In 2013, my toolbox looks like this:

  • Python for text processing and miscellaneous scripting;
  • Ruby on Rails/JavaScript for web development, except for an occasional date with Django or Flask (Python frameworks);
  • Python (NumPy/SciPy) for numerical computing;
  • Python (Neurosynth, NiPy etc.) for neuroimaging data analysis;
  • Python (NumPy/SciPy/pandas/statsmodels) for statistical analysis;
  • Python (MatPlotLib) for plotting and visualization, except for web-based visualizations (JavaScript/d3.js);
  • Python (scikit-learn) for machine learning;
  • Excursions into other languages have dropped markedly.

You may notice a theme here.

The increasing homogenization (Pythonification?) of the tools I use on a regular basis primarily reflects the spectacular recent growth of the Python ecosystem. A few years ago, you couldn’t really do statistics in Python unless you wanted to spend most of your time pulling your hair out and wishing Python were more like R (which, is a pretty remarkable confession considering what R is like). Neuroimaging data could be analyzed in SPM (MATLAB-based), FSL, or a variety of other packages, but there was no viable full-featured, free, open-source Python alternative. Packages for machine learning, natural language processing, web application development, were only just starting to emerge.

These days, tools for almost every aspect of scientific computing are readily available in Python. And in a growing number of cases, they’re eating the competition’s lunch.
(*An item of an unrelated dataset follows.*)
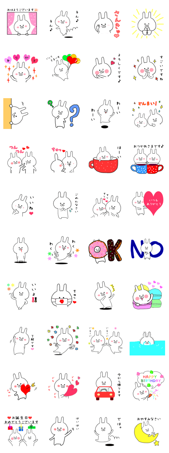 【ちびうさぎシリーズ】シンプルで使いやすいうさぎのスタンプ、ずっと使える基本セット第二弾です♪日常の挨拶、ありがとう 誕生日など、よく使う言葉を詰め込みました♪

Take R, for example. R’s out-of-the-box performance with out-of-memory datasets has long been recognized as its achilles heel (yes, I’m aware you can get around that if you’re willing to invest the time–but not many scientists have the time). But even people who hated the way R chokes on large datasets, and its general clunkiness as a language, often couldn’t help running back to R as soon as any kind of serious data manipulation was required. You could always laboriously write code in Python or some other high-level language to pivot, aggregate, reshape, and otherwise pulverize your data, but why would you want to? The beauty of packages like plyr in R was that you could, in a matter of 2 – 3 lines of code, perform enormously powerful operations that could take hours to duplicate in other languages. The downside was the intensive learning curve associated with learning each package’s often quite complicated API (e.g., ggplot2 is incredibly expressive, but every time I stop using ggplot2 for 3 months, I have to completely re-learn it), and having to contend with R’s general awkwardness. But still, on the whole, it was clearly worth it.

Flash forward to The Now. Last week, someone asked me for some simulation code I’d written in R a couple of years ago. As I was firing up R Studio to dig around for it, I realized that I hadn’t actually fired up R studio for a very long time prior to that moment–probably not in about 6 months. The combination of NumPy/SciPy, MatPlotLib, pandas and statmodels had effectively replaced R for me, and I hadn’t even noticed. At some point I just stopped dropping out of Python and into R whenever I had to do the “real” data analysis. Instead, I just started importing pandas and statsmodels into my code. The same goes for machine learning (scikit-learn), natural language processing (nltk), document parsing (BeautifulSoup), and many other things I used to do outside Python.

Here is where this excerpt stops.